> _The problem_
In the records below, the relevant part opens with the line containing "3604 Channel 2K" and closes with the line containing "JAVA CONDITIONAL STATEMENT"; print that part exactly and only, without its pictures.

BEGIN Supplied records

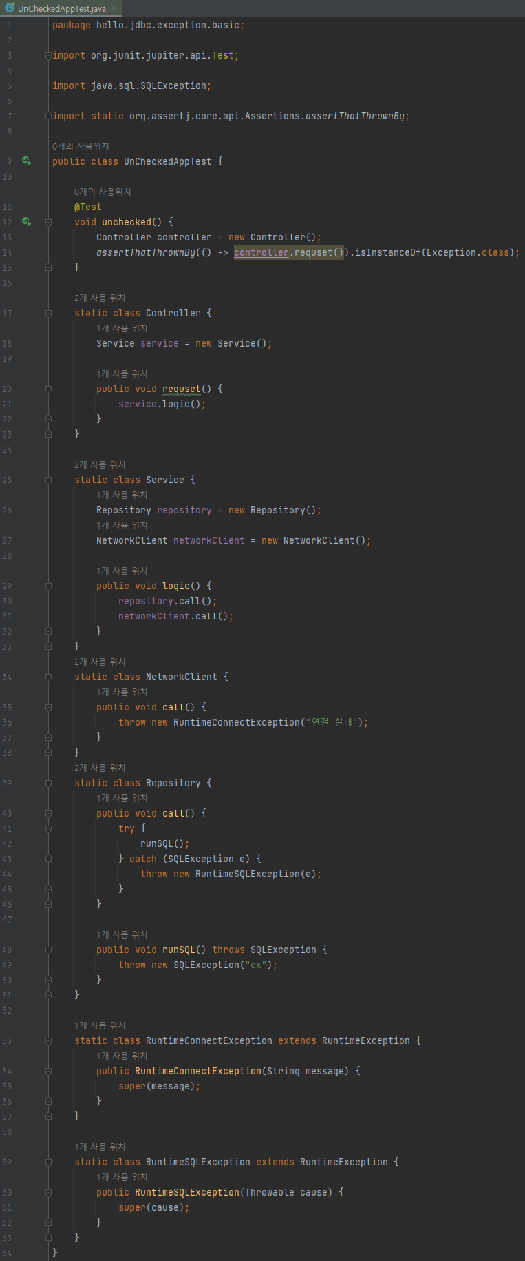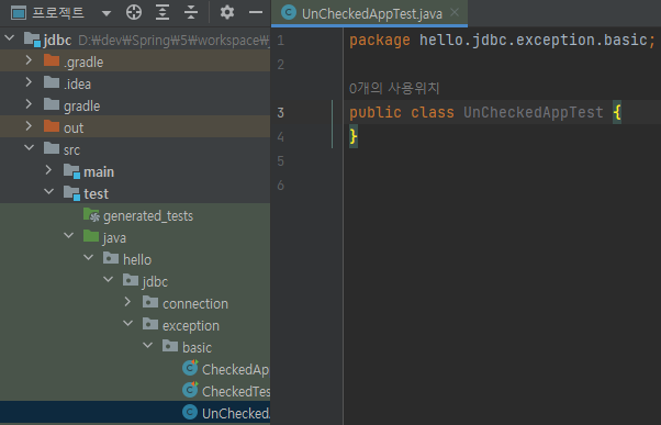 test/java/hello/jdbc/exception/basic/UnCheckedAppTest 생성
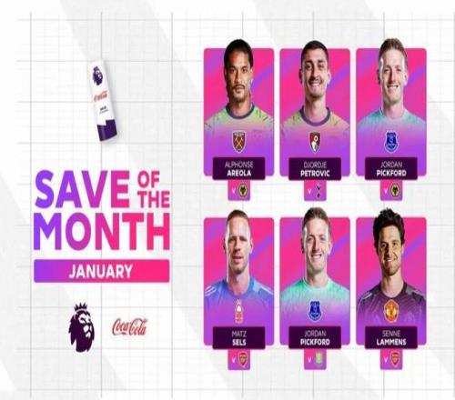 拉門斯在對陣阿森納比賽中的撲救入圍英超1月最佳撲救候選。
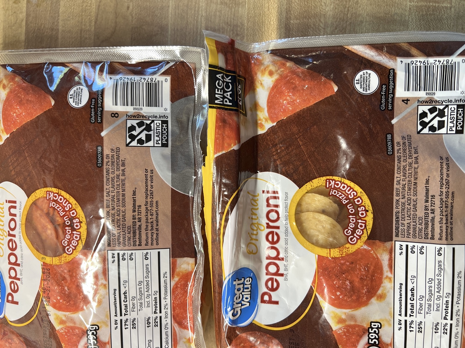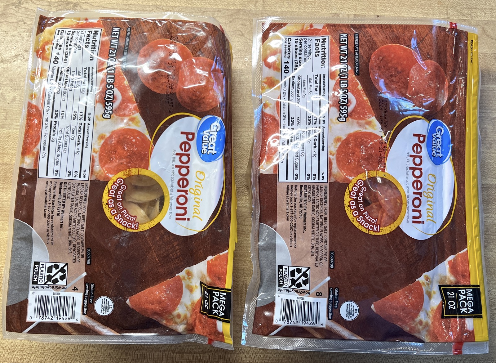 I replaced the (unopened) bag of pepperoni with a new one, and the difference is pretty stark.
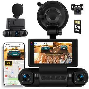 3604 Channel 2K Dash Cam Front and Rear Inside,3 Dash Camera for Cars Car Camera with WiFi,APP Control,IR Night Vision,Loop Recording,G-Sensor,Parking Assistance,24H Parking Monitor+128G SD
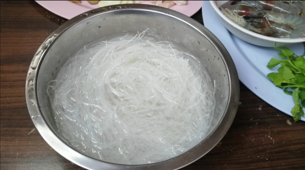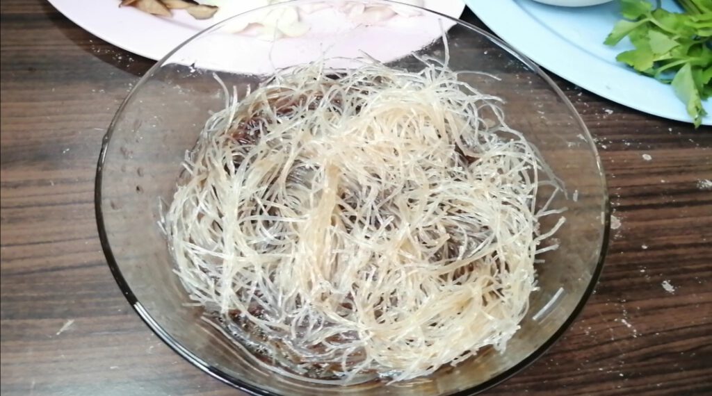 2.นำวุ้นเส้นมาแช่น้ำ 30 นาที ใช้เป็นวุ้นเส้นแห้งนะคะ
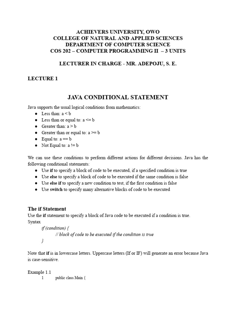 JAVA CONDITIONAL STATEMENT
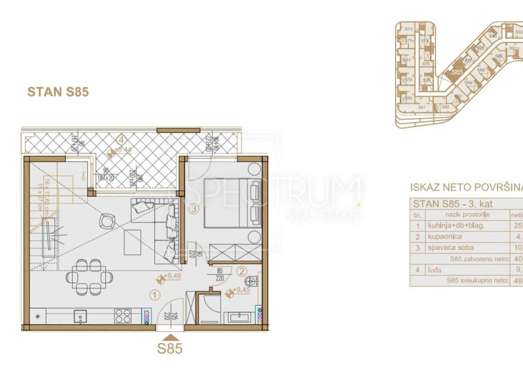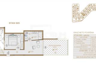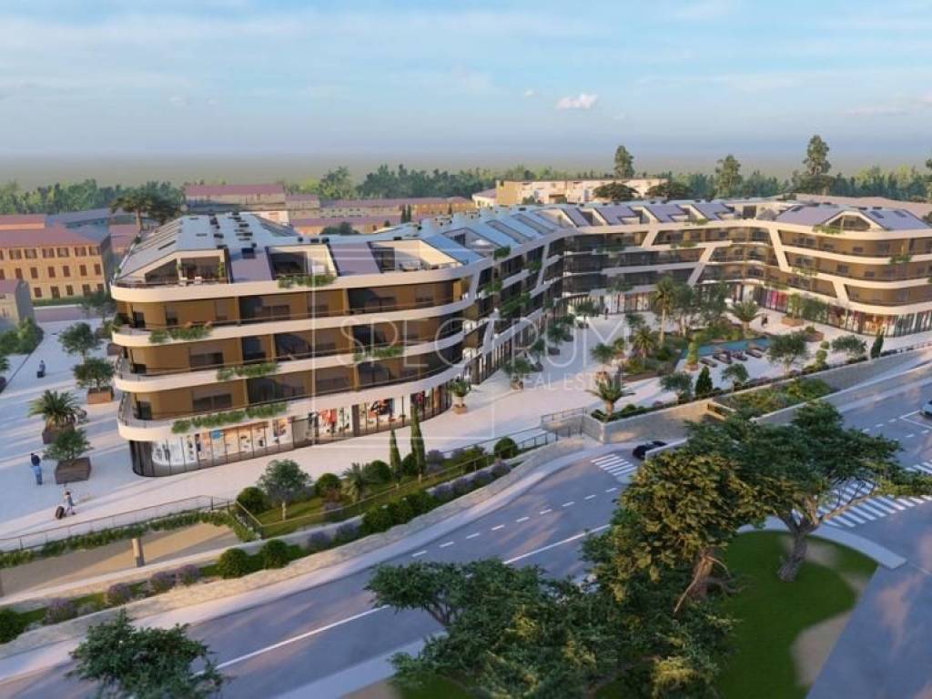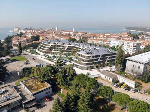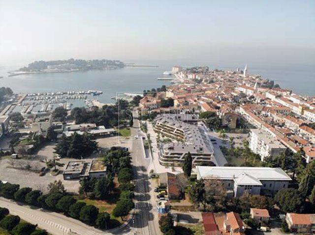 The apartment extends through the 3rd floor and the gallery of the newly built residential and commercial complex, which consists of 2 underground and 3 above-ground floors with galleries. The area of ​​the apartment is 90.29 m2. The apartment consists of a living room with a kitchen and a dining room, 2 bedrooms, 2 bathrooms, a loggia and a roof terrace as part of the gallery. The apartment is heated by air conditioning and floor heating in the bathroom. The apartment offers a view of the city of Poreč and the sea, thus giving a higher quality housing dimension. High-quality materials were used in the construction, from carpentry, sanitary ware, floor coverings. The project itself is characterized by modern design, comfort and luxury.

END Supplied records
BEGIN Supplied records

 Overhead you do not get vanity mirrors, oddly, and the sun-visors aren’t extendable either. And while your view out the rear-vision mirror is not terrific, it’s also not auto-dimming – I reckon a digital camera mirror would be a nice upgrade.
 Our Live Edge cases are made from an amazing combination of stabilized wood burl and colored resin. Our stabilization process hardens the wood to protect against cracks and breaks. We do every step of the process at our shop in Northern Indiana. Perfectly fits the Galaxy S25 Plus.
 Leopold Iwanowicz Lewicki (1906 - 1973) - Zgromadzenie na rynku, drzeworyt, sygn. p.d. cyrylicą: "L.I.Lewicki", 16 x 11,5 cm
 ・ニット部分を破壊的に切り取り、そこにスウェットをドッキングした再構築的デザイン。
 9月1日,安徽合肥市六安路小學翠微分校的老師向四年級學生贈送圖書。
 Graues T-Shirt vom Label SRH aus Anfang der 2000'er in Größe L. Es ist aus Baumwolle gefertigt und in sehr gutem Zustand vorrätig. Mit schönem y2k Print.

END Supplied records

> _Final answer_
 3604 Channel 2K Dash Cam Front and Rear Inside,3 Dash Camera for Cars Car Camera with WiFi,APP Control,IR Night Vision,Loop Recording,G-Sensor,Parking Assistance,24H Parking Monitor+128G SD
 2.นำวุ้นเส้นมาแช่น้ำ 30 นาที ใช้เป็นวุ้นเส้นแห้งนะคะ
 JAVA CONDITIONAL STATEMENT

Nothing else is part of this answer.